We find in these undisputed facts no basis for a conclusion that the actions between the assignees of Bank of Poland and the Bank of France have been "settled" and that the value of the gold delivered by the French Committee of National Liberation *144 to the Bank of Poland is a "sum at which the settlement is made." The term "sum at which the settlement is made" can refer only to money or other benefit received as the result of an agreement of the parties determining the controversy between them. Here, the controversy between Bank of Poland and Bank of France was upon the question whether the Bank of France had wrongfully dealt with gold which belonged to Bank of Poland. There was, as we have said, no controversy about the ownership of the gold. The Bank of France made no claim to it. It denied only that it had wrongfully meddled with it and that it was responsible for its loss. The lost gold when found in French West Africa was delivered to Bank of Poland not because the Bank of France agreed to its delivery but because the French Committee of National Liberation, exercising authority in that territory and having control of the gold, recognized the title of the Bank of Poland and was willing to deliver the gold to its rightful owner. True, Bank of Poland agreed with the Committee that upon such delivery the pending actions should be discontinued, and the consent of the Bank of France to the discontinuance of the actions removed an obstacle which otherwise might have blocked the delivery of the gold to its owner by the French Committee; but Bank of France was not and could not be consulted as to whether the delivery should be made; did not and could not lawfully agree that the gold should be delivered and did not and could not lawfully agree to the settlement of the controversy between it and Bank of Poland. Since the actions though discontinued were not settled by agreement of the parties and since the gold was delivered to Bank of Poland by agreement with the Committee, acting as a governmental authority and not as agent of Bank of France, the gold received by Bank of Poland is not "the sum at which the settlement is made" within the meaning of subdivision 2 and the fee of the Sheriff cannot be computed under that subdivision.

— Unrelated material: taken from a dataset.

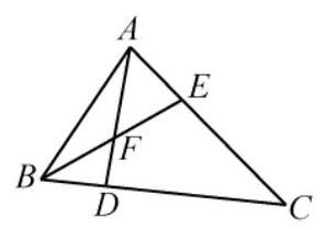 如图,在 $\triangle A B C$ 中,$D$ 是 $B C$ 上靠近点 $B$ 的四等分点,$E, F$ 分别为 $A C, A D$ 的三等分点,且分别靠近 $A, D$ 两点,设 $\overrightarrow{A B}=\boldsymbol{a}, \overrightarrow{A C}=\boldsymbol{b}$ .

Even if the poundage fees were computed as provided in that subdivision, the limitation imposed by chapter 523 of the Laws of 1943 would apply to the levies made herein. The statute in express terms provides that it "shall be applicable to all actions and proceedings now pending as well as to all actions and proceedings hereafter commenced" and the plain intent of the Legislature would be thwarted by a construction which would *145
exclude from its scope levies previously made in pending actions. Nor do we find any restriction in the Constitution which would render the statute invalid when applied to levies previously made. The Sheriff in making a levy under a warrant of attachment exercises a governmental function conferred upon him by the State (Finn v. City of New York,
The Legislature in the amendatory statute has placed a limit upon the fees payable to a sheriff in circumstances, where in its opinion, such fees would otherwise be unreasonably large. Even if it be true that in no county outside of the City of New York, and perhaps in no county except the County of New York, has a levy been made in a pending action for which the fees payable to the Sheriff exceed the permitted limit, yet the statute applies to the fees of every Sheriff and in every part of the State whenever the Sheriff would otherwise be entitled to fees which exceed that limit, and it is plain that such a statute is general both in terms and in effect.
The orders should be affirmed, with one bill of costs.
LOUGHRAN, LEWIS, CONWAY, DESMOND, THACHER and DYE, JJ., concur.